If there is a need i can post the full error. What I got from this is that the key is not valid and If I remove there 2 lines:
ssl_certificate => "/etc/logstash/config/certs/elasticsearch/elasticsearch.crt"
ssl_key => "/etc/logstash/config/certs/elasticsearch/elasticsearch.key"

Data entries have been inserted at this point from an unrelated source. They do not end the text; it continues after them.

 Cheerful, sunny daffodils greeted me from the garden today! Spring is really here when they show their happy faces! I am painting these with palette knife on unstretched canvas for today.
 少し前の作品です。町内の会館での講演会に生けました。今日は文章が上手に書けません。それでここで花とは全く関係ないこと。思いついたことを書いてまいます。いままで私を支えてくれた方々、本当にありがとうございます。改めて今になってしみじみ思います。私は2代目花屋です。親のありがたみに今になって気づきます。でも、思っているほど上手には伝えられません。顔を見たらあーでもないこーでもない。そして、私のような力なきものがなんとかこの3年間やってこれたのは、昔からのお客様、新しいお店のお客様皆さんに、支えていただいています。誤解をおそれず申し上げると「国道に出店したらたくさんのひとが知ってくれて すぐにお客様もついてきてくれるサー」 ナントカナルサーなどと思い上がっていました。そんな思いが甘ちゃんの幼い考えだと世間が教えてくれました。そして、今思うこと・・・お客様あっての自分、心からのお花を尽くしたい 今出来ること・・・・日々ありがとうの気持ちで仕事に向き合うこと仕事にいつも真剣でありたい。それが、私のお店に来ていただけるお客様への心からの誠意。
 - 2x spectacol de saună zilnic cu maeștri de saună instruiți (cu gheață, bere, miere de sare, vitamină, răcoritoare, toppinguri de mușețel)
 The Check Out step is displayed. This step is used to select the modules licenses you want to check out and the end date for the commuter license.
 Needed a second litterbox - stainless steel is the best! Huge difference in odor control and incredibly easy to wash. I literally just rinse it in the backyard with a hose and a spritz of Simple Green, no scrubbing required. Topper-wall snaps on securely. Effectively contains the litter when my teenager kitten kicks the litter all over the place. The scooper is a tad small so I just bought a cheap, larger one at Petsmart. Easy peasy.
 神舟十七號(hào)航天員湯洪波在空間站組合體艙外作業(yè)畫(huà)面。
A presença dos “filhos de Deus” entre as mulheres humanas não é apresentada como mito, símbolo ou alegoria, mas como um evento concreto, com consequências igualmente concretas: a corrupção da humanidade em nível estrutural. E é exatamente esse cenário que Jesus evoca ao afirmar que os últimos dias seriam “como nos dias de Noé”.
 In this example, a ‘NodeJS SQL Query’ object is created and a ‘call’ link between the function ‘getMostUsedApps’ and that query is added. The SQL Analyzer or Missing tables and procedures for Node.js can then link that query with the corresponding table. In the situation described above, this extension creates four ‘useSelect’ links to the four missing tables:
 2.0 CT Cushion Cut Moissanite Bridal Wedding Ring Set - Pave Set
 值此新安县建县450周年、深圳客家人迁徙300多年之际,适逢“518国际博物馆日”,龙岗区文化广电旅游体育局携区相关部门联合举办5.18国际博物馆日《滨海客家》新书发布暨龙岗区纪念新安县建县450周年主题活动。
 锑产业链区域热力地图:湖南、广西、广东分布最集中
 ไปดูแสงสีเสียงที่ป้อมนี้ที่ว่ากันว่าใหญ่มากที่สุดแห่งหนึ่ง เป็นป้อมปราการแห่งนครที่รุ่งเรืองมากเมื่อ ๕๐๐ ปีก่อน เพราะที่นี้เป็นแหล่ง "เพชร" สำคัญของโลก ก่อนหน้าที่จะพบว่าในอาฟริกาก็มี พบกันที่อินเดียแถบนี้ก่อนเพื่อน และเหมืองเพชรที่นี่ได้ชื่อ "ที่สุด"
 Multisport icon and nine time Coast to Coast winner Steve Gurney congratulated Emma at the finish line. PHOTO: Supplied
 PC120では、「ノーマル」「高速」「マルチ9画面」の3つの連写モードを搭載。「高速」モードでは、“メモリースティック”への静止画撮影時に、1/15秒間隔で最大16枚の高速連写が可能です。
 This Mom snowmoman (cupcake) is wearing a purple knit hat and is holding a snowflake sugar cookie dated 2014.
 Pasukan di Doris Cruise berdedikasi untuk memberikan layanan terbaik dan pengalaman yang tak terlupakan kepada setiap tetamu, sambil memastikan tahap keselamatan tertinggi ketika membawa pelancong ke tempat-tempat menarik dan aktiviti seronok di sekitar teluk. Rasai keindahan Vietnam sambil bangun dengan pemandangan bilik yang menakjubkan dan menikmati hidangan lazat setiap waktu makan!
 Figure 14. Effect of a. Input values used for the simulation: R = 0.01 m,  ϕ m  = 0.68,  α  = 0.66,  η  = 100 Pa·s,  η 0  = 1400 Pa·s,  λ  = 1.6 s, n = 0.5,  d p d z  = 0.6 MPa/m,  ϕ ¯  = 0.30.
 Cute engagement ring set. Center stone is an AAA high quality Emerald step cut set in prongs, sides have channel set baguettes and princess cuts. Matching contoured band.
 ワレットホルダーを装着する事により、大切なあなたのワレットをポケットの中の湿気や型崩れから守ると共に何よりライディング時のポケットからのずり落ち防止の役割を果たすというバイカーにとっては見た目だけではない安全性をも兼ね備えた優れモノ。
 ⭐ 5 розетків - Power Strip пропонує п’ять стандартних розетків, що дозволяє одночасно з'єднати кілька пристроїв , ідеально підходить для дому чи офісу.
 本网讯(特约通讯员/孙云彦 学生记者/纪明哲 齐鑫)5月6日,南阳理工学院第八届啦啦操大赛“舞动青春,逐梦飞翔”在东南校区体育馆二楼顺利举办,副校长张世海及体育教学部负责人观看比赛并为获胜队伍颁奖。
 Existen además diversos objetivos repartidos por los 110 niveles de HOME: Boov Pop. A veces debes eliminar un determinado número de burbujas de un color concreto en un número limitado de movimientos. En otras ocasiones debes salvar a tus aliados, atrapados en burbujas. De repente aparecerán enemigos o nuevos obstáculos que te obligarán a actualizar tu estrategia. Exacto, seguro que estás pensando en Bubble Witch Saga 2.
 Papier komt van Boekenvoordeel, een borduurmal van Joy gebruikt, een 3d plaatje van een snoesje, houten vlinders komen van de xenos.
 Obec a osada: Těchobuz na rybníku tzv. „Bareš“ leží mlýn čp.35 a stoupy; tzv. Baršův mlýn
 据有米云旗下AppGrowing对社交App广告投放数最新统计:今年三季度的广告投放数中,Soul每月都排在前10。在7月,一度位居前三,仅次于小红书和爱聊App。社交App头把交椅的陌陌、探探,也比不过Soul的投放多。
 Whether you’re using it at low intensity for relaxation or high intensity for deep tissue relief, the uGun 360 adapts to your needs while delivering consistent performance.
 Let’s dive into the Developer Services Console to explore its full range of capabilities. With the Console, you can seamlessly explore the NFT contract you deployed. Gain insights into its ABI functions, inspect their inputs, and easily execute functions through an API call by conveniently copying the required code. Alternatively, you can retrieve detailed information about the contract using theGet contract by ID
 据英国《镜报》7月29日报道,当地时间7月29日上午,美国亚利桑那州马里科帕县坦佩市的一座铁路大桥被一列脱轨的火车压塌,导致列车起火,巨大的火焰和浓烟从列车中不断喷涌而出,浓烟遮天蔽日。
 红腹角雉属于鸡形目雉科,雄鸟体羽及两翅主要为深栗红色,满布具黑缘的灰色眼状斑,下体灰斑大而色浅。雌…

First is seems that the connection is working:
logstash | [2024-04-05T09:33:57,521][INFO ][logstash.outputs.elasticsearch][main] New Elasticsearch output {:class=>"LogStash::Outputs::ElasticSearch", :hosts=>["https://elasticsearch:9200"]}
logstash | [2024-04-05T09:33:57,557][INFO ][logstash.outputs.elasticsearch][main] Elasticsearch pool URLs updated {:changes=>{:removed=>[], :added=>[https://elastic:xxxxxx@elasticsearch:9200/]}}
logstash | [2024-04-05T09:33:57,749][WARN ][logstash.outputs.elasticsearch][main] Restored connection to ES instance {:url=>"https://elastic:xxxxxx@elasticsearch:9200/"}
logstash | [2024-04-05T09:33:57,750][INFO ][logstash.outputs.elasticsearch][main] Elasticsearch version determined (8.11.1) {:es_version=>8}
logstash | [2024-04-05T09:33:57,750][WARN ][logstash.outputs.elasticsearch][main] Detected a 6.x and above cluster: the `type` event field won't be used to determine the document _type {:es_version=>8}
logstash | [2024-04-05T09:33:57,772][INFO ][logstash.outputs.elasticsearch][main] Not eligible for data streams because config contains one or more settings that are not compatible with data streams: {"index"=>"log-%{+YYYY.MM.dd}"}
and then I get these erros:
elasticsearch | {"@timestamp":"2024-04-05T09:35:55.999Z", "log.level": "WARN", "message":"received plaintext http traffic on an https channel, closing connection Netty4HttpChannel{localAddress=/172.28.0.3:9200, remoteAddress=/172.28.0.4:33244}", "ecs.version": "1.2.0","service.name":"ES_ECS","event.dataset":"elasticsearch.server","process.thread.name":"elasticsearch[elasticsearch][transport_worker][T#2]","log.logger":"org.elasticsearch.http.netty4.Netty4HttpServerTransport","elasticsearch.cluster.uuid":"eX4SRKGNRnGI7SzSB0_DpQ","elasticsearch.node.id":"dT8PCmiTTziACkRZCOTTFA","elasticsearch.node.name":"elasticsearch","elasticsearch.cluster.name":"elk-cluster"}
logstash | [2024-04-05T09:35:56,000][INFO ][logstash.licensechecker.licensereader] Failed to perform request {:message=>"elasticsearch:9200 failed to respond", :exception=>Manticore::ClientProtocolException, :cause=>#<Java::OrgApacheHttp::NoHttpResponseException: elasticsearch:9200 failed to respond>}
logstash | [2024-04-05T09:35:56,001][WARN ][logstash.licensechecker.licensereader] Attempted to resurrect connection to dead ES instance, but got an error {:url=>"http://elasticsearch:9200/", :exception=>LogStash::Outputs::ElasticSearch::HttpClient::Pool::HostUnreachableError, :message=>"Elasticsearch Unreachable: [http://elasticsearch:9200/][Manticore::ClientProtocolException] elasticsearch:9200 failed to respond"}
logstash | [2024-04-05T09:35:56,013][ERROR][logstash.licensechecker.licensereader] Unable to retrieve Elasticsearch cluster info. {:message=>"No Available connections", :exception=>LogStash::Outputs::ElasticSearch::HttpClient::Pool::NoConnectionAvailableError}
logstash | [2024-04-05T09:35:56,013][ERROR][logstash.licensechecker.licensereader] Unable to retrieve license information from license server {:message=>"No Available connections"}
If you have any suggestion I'm happy to hear them.